I'm sorry, i think the original was in English, but i haven't seen it. I believe it's called:

_WWII in Colour and HD_
http://www.yourdiscovery.com/web/world-war-2/ww2-in-colour-hd/


----------



## Philip (Mar 22, 2011)

aleazk said:


> you are french or something?, just curious.


I am from many places... but French is my native language.


----------



## aleazk (Sep 30, 2011)

Philip said:


> I am from many places... but French is my native language.


for some time, I don't know why,  I believed you were from USA.

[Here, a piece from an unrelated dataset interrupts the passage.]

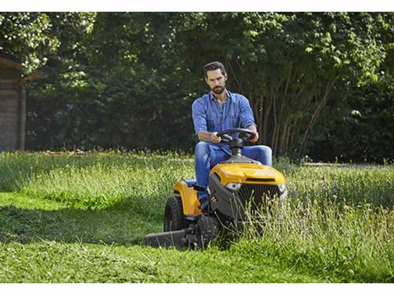 El plato de corte de 98 cm lo hace perfecto para trabajar en grandes superficies y obtener un rendimiento excelente en todo momento.

(I have a little of french in my blood; I mainly descend from basques, some of them french-basque, like my god Ravel!!; in fact, my surname has a basque version "Azkárate" and a french version "d'Ascarat")


----------



## Philip (Mar 22, 2011)

aleazk said:


> for some time, I don't know why,  I believed you were from USA.


No  .....


----------



## aleazk (Sep 30, 2011)

Herzog's "Encounters at the end of the world":


----------



## aleazk (Sep 30, 2011)

(Bulgarian folk song "Planino, Stara Planino Mari" used in Werner Herzog's film "Encounters at the End of the World" and the segment of the documentary where is used)


----------



## samurai (Apr 22, 2011)

Some years ago, *PBS *aired a documentary on WW 1 narrated by Robert Ryan which I thought was very well produced. The opening scene to each episode was quite gripping, showing a soldier peeking up above his trench with his weapon pointing directly at the viewer.


----------



## Crudblud (Dec 29, 2011)

I always liked Carl Sagan's Cosmos, as much for the presentation as the content.


----------



## ComposerOfAvantGarde (Dec 2, 2011)

My favourite documentary


----------



## Chrythes (Oct 13, 2011)

Civilisation.
It's beautifully shot, very informative and presented very well. Kenneth Clark is like that cool, polished grandpa that can talk to you all day and it's actually interesting.


----------



## Argus (Oct 16, 2009)

The Ascent of Man
The World at War
Burden of Dreams
Some Kind of Monster

As for the BBC, pretty much anything with Brian Cox, Jim al-Khalili, David Attenborough is worth watching, Michio Kaku is okay, but Marcus du Sautoy has more misses than hits.


----------



## starthrower (Dec 11, 2010)

You Can't Be Neutral On A Moving Train- Howard Zinn Doc

The War You Don't See- A film by John Pilger

Edgar Varese, Cecil Taylor docs I've watched on YouTube


----------



## Jeremy Marchant (Mar 11, 2010)

Bronowski's_ The ascent of man_


----------



## Dodecaplex (Oct 14, 2011)

Wittgy.


----------



## Philip (Mar 22, 2011)

Glenn Gould: Au delà du temps


----------